Description
Why, despite significant EU assistance and institutional change, do concerns about judicial independence in the Western Balkans remain unabated? The EU’s preferred method of bolstering judicial independence in third party states has been the establishment of highly autonomous judicial councils. Such councils are designed to remove the power of judicial appointment from the Executive (usually the Ministry of Justice) and instead devolve this responsibility to a body composed of judges, judicial professional associations, and representatives from the legislature. This type of autonomous body follows the so-called “European model” of judicial independence found in Southern European EU Members, namely France, Italy, and Spain. However, despite extensive EU conditionality and assistance around judicial reform, levels of perceived judicial independence have not changed over the past decade in the Western Balkans.

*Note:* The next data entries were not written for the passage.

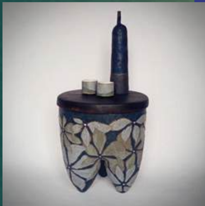
Sculpture, Arts décoratifs, Modelage grès

24300 Abjat sur Bandiat 06 20 66 80 61 lepape.claire@yahoo.fr /// @clairlepepaceramiste
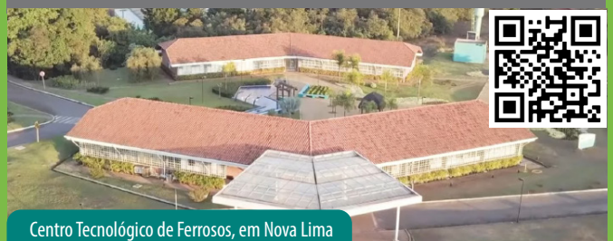
Centro Tecnológico de Ferrosos, em Nova Lima

Aponte seu celular para o QR Code abaixo e confira:
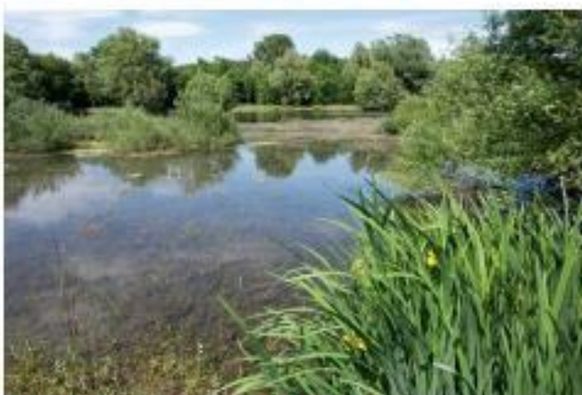
Le lac de Saint-Cassien, dans le Var (Provence).
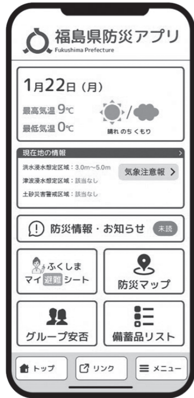
*アプリの画面イメージ

県では、様々な災害情報や防災情報を簡単に入手できるように防災アプリの制作、ポータルサイトを公開しました。これらを上手に活用して、日頃から災害に備え、災害発生時には、迅速な避難行動に繋がしましょう。
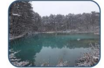
⑦ 青沼 雪の白と沼の青のコントラストが美しいです。
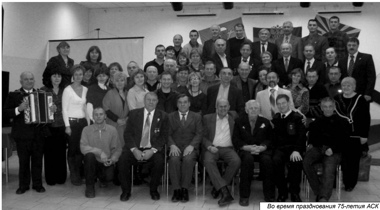
Во время празднования 75-летия АСК

тия реальной авиацией. Так выстраивается система патриотического воспитания, а без системы мы постоянно
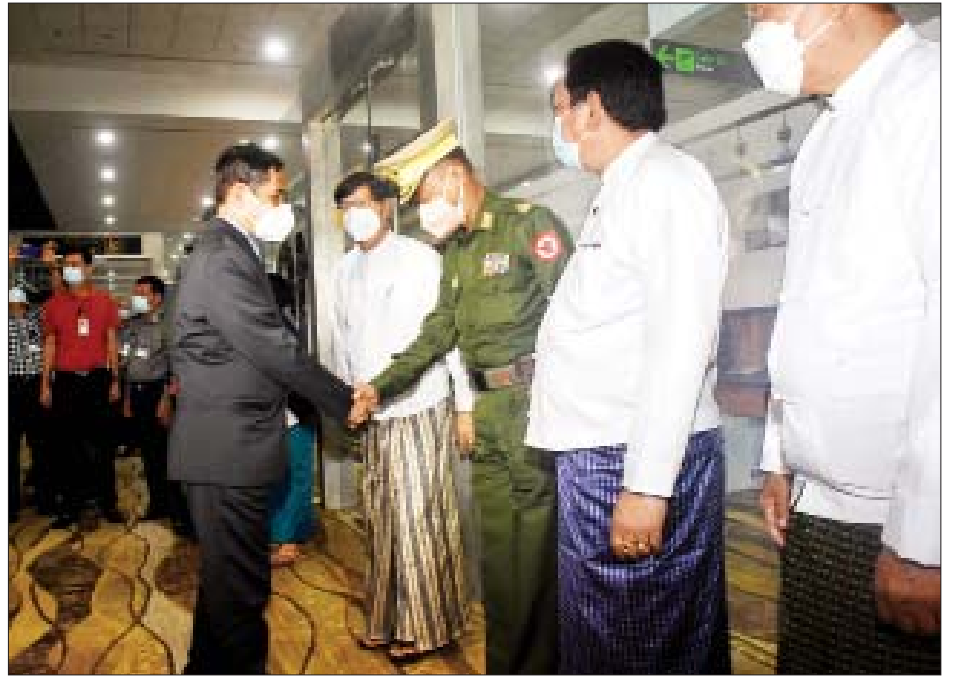
ပြည်ထောင်စုဝန်ကြီး ဦးကိုကိုလှိုင်နှင့် ဒေါက်တာသီတာဦးတို့ ဦးဆောင်သော မြန်မာ့ကိုယ်စားလှယ်အဖွဲ့အား ရန်ကုန်တိုင်းဒေသကြီးဝန်ကြီးချုပ် ဦးစိုးသိန်း၊ ရန်ကုန်တိုင်းစစ်ဌာနချုပ်တိုင်းမှူး ဗိုလ်ချုပ်ညွန့်ဝင်းဆွေ၊ နိုင်ငံခြားရေးဝန်ကြီးဌာန ဒုတိယဝန်ကြီး ဦးကျော်မျိုးထွဋ်နှင့် တာဝန်ရှိသူများက ရန်ကုန်အပြည်ပြည်ဆိုင်ရာလေဆိပ်၌ ကြိုဆိုနှုတ်ဆက်ကြစဉ်။

★ ရှေ့ဖိုးမှ နိုင်ငံခြားရေးဝန်ကြီးဌာန ဒုတိယဝန်ကြီး ဦးကျော်မျိုးထွဋ်၊ တိုင်းဒေသကြီးဝန်ကြီး များနှင့် ဌာနဆိုင်ရာတာဝန်ရှိသူများက ရန်ကုန် အပြည်ပြည်ဆိုင်ရာလေဆိပ်၌ ကြိုဆိုနှုတ်ဆက်ကြသည်။

Focusing on the case of Serbia, we draw on two conceptualisations of judicial independence in order to try to better understand the apparent lack of progress. First, Ishiyama and Ishiyama Smithey distinguish two dimensions of judicial independence: impartiality (“fairness”) and insularity (“no external influence”). On the other hand, the annual EU Justice Scoreboard measures judicial independence via structural independence (similar to insularity) and perceived independence. We argue that despite the substantial augmentation of judicial independence through institutional reform to improve insularity / structural independence, attention to “fairness” has been neglected. Relatedly, measures gauging perceived judicial independence conflate insularity and fairness.
To disentangle and measure attitudes towards fairness, the study used vignettes developed by Niemi et al. – who distinguish between fairness based on charity, loyalty, or impartiality - to conduct a survey experiment administered to Basic Court judges in Serbia. What our research thus offers is a more nuanced assessment of the situation in Serbia, but also highlights the limitations of exogenous (EU) strategies to reform judicial practice based on a particular measure of ‘independence’.